D’autre part, il y a une persistance de la transphobie dans notre pays, et surtout sur Internet. Le Web est le premier théâtre des actes transphobes. Les réseaux sociaux, et spécialement Twitter, sont la caisse de résonance de la transphobie. Pourquoi ? Parce qu’ils sont très mal régulés. Quand des internautes postent des contenus transphobes et qu’ils ne sont jamais punis, ça incite les autres à passer à l’acte. L’impunité sur les réseaux sociaux a de véritables conséquences dans la vraie vie.

Les débats sur le mariage pour tous ont-ils libéré la parole transphobe ?

Oui, depuis les débats sur le mariage pour tous, on voit un retour en force de la parole LGBTphobe. Et ces paroles, on les a retrouvées dans le débat public et notamment de la part de certains élus. Quand la parole transphobe arrive dans le débat public, ça a des répercussions, ça incite certaines personnes à passer à l’acte.

Dans quel contexte ont lieu les actes transphobes ? Y a-t-il des régions plus touchées que d’autres ?

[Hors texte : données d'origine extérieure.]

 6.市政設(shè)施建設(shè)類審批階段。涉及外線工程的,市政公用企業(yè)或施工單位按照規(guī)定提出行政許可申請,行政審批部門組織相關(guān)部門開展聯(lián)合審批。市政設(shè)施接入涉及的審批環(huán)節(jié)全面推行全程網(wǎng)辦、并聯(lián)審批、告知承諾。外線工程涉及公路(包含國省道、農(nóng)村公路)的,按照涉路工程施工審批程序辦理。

C’est malheureux, mais la transphobie est présente sur tout le territoire français. Métropoles, petites villes, banlieues, campagne… Personne n’est épargné. Le plus souvent, ce sont des moqueries ou des mauvaises blagues, sous couvert d’humour. Tout le monde est potentiellement concerné par ce genre de petites blagues distillées à cause des préjugés lors d’un dîner ou d’une soirée.

Et les actes transphobes sont partout et à tous les âges : à l’école, en classe et dans les cours de récréation, par les élèves ou les professeurs ; au travail, par les collègues ou même lors de l’embauche ; dans les lieux publics, comme c’était le cas pour l’agression de dimanche ; ou encore dans le domaine de la santé, où le personnel ne tient pas toujours compte de la transidentité du patient.

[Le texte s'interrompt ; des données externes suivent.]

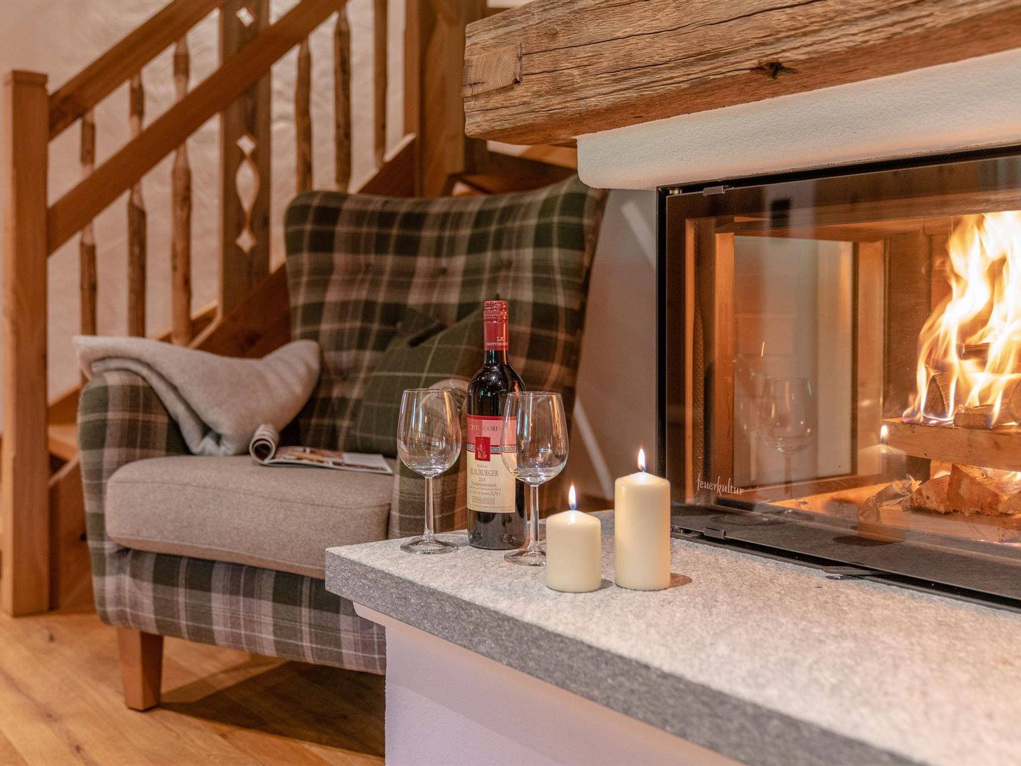 Warme Farben, weich kuschelige Stoffe, das Knistern des Kachelofens sowie natürliche Materialien wie Altholz, Naturstein und Loden aus unserer Heimat machen aus den Räumen Rückzugsorte mit Charme und bereiten unvergessliche Glücksmomente in den Bergen.

Qu’attendez-vous des autorités et des pouvoirs publics ?

La classe politique a condamné à l’unanimité l’agression qui a eu lieu dimanche. Mais les paroles ne suffisent pas, il faut des actes. On veut que la loi sur le changement d’état civil évolue, la procédure est trop longue et trop lourde pour les personnes trans. C’est aux pouvoirs publics d’améliorer l’inclusion des personnes trans : ça passe d’abord par une meilleure formation des enseignants et du personnel de l’Education nationale, mais aussi celle des policiers et des magistrats.

Si on observe que les policiers sont un peu plus sensibilisés qu’avant, notamment grâce à l’association Flag !, [Association qui défend les policiers et gendarmes victimes d’homophobie, de lesbophobie ou de transphobie au sein de la police nationale, la gendarmerie nationale et la police municipale], on reçoit encore énormément de témoignages de personnes trans qui sont mal accueillies dans les commissariats. Certains policiers minimisent les faits, ou pire, refusent de prendre la plainte. Il faut absolument continuer la formation des policiers pour permettre aux victimes d’être mieux prises en charge.